# Beretta 92FS: Replace firing pin spring? How often?



## joepeat (Jul 8, 2015)

I recently bought two recoil springs from Wolff for my Beretta 92FS. Each came with an extra power firing pin spring. Why an "extra power" firing pin spring in the first place, and does it need to be replaced as often as the recoil spring? I've seen videos on slide disassembly for this gun and it's not something I would be looking forward to.


----------



## Shipwreck (Jan 26, 2006)

That practice is common with a 1911 (recoil spring and firing pin spring come together from Wollf Springs). I don't remember what the replacement spring on the firing pin spring is, but I wouldn't worry about it for a while. 
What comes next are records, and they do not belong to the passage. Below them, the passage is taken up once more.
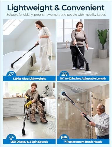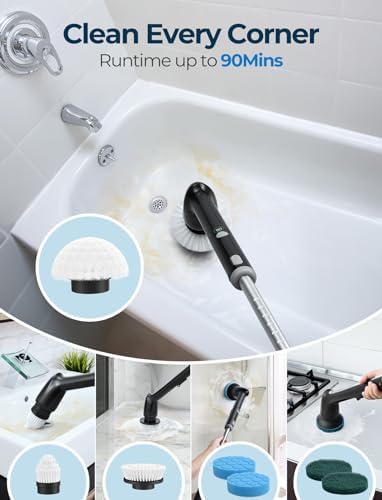↗【𝗘𝘅𝘁𝗲𝗻𝗱𝗮𝗯𝗹𝗲 𝗛𝗮𝗻𝗱𝗹𝗲, 𝗕𝗮𝗰𝗸 𝗦𝗮𝘃𝗲𝗿】This PureSwirlz bathroom scrubber electric is fantastic for anyone that has a bad back, as reaching the high and low places will killing your back or knees. It’s also easy to maneuver no matter where you use it since its handle extends up to 42 inches long. This scrubber will save you a lot of elbow work & lower back cleaning specially the tub you hate bending!
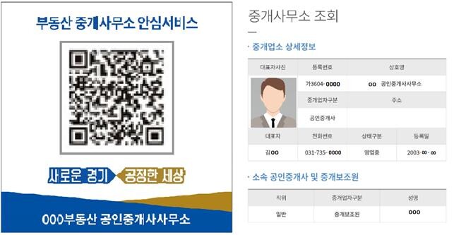 명찰에는 성명, 사진, 소속 사무소 명칭, 등록번호가 기재돼 본인 여부를 쉽게 확인할 수 있으며, 업소 등록정보 역시 중개업소에 부착된 QR코드를 통해 조회가 가능하다.
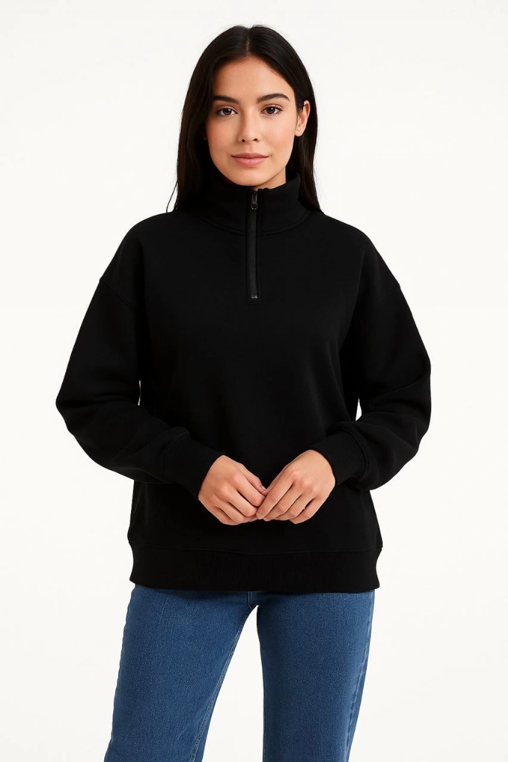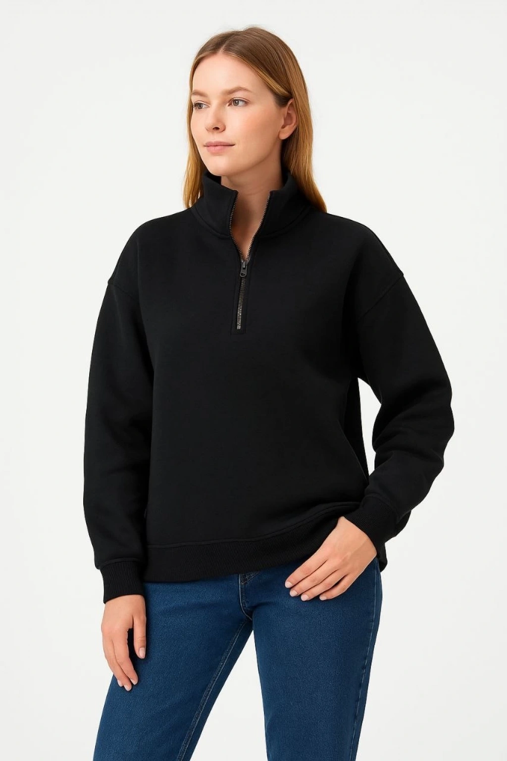 Detay | Dık Yaka , Kol,Etek Ribana , Uzun Kollu , Yarım Fermuarlı |
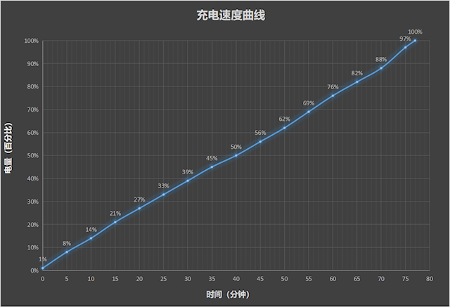 我们使用原装90W充电器,开启闪充模式,vivo Y600 Pro手机息屏,从电量1%开始充电。实际测试下来,电池10分钟可充至14%,半小时充到39%,77分钟即可充满。
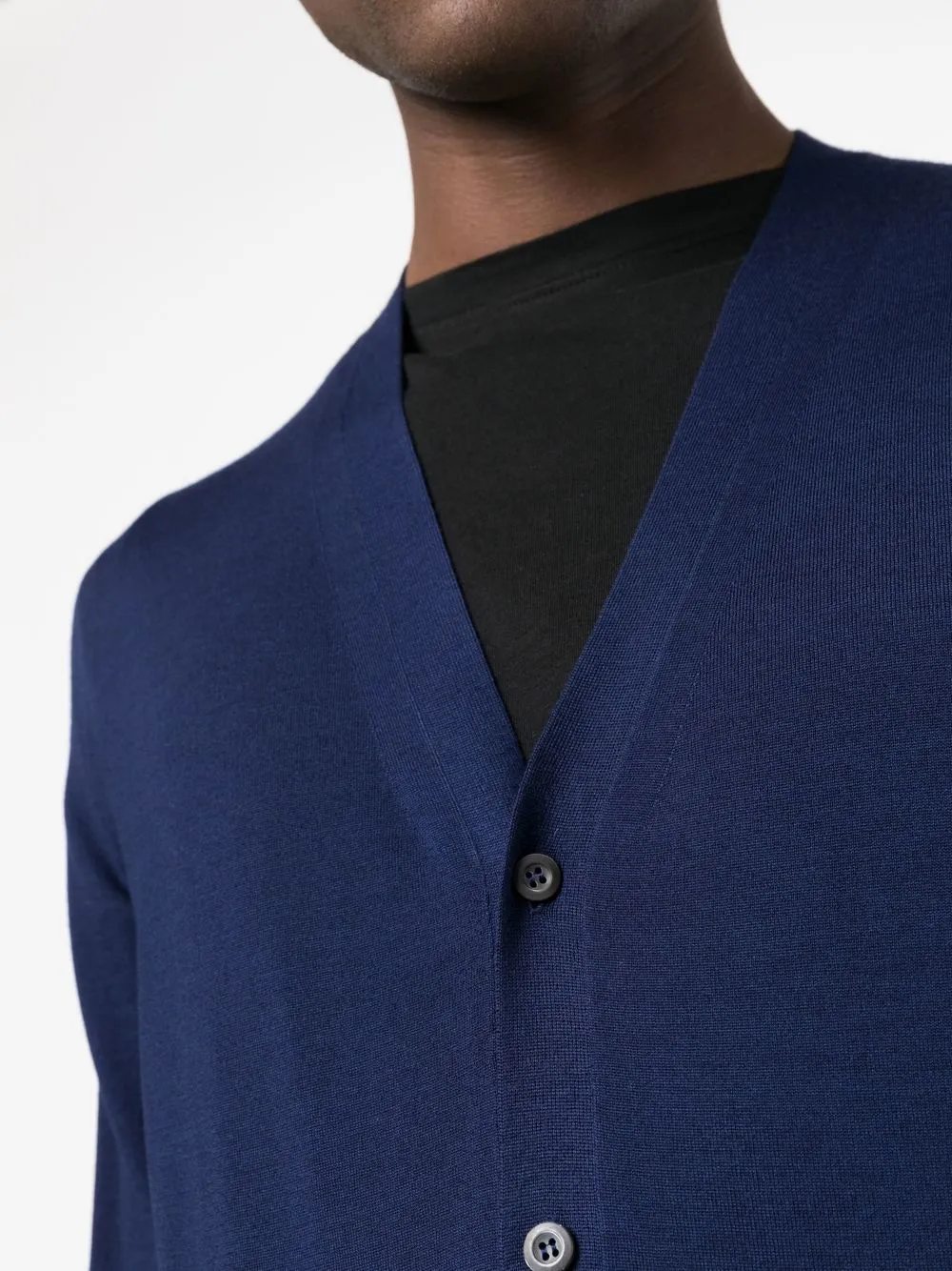 Темно-синий, необработанная шерсть, тонкая вязка, отделка в рубчик, V-образный вырез, застежка на пуговицах спереди, длинные рукава и прямой подол.
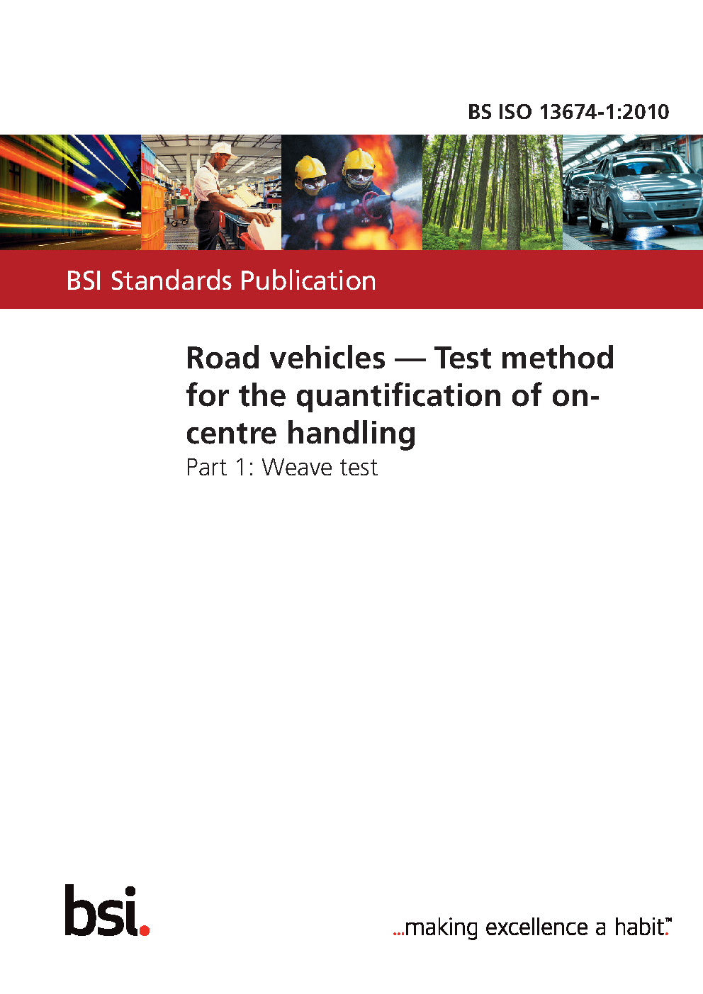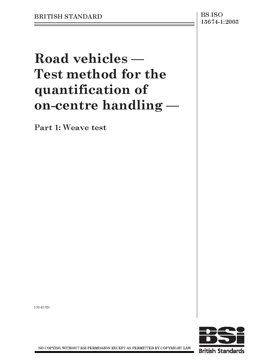 BS ISO 13674-1. Road vehicles. Test method for the quantification of on- centre handling Part 1. Weave test
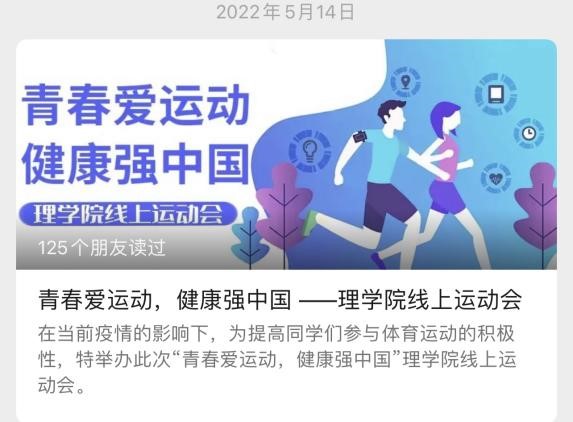 近日,共青團中央聯合國家體育總局、全國學聯下發通知,對面向大學生組織開展“青春愛運動,健康強中國”全民健身活動進行部署安排。理學院積極響應校團委號召,開展三個階段的打卡挑戰賽。第一期已經落下帷幕:經過六天的“平板支撐線上挑戰賽”,比較單場累計支撐時長的方式開展平板支撐活動,激發了學生體育鍛煉熱情,倡導了健康科學的鍛煉習慣。在第一階段的活動中,理學院號召參賽同學于5月14日-5月18日內進行“平板支撐”...

Stripping the frame is easy as pie. Messing with the slide is a major pain in the butt.


----------



## denner (Jun 3, 2011)

No, the firing pin spring on a 92FS does not need to be changed every time you change the recoil spring on it's suggested change intervals even though Wolff reccommends it and sends you one w/ the recoil spring. 

It would be a royal PITA and unnecessary. If you remove the extractor you can get to it and inspect the spring for good cleaning if you wish. I had one go for 20,000 rounds or so before changing it out w/ no issues, just thought it would be good to change it. The new one won't be changed any time soon.


----------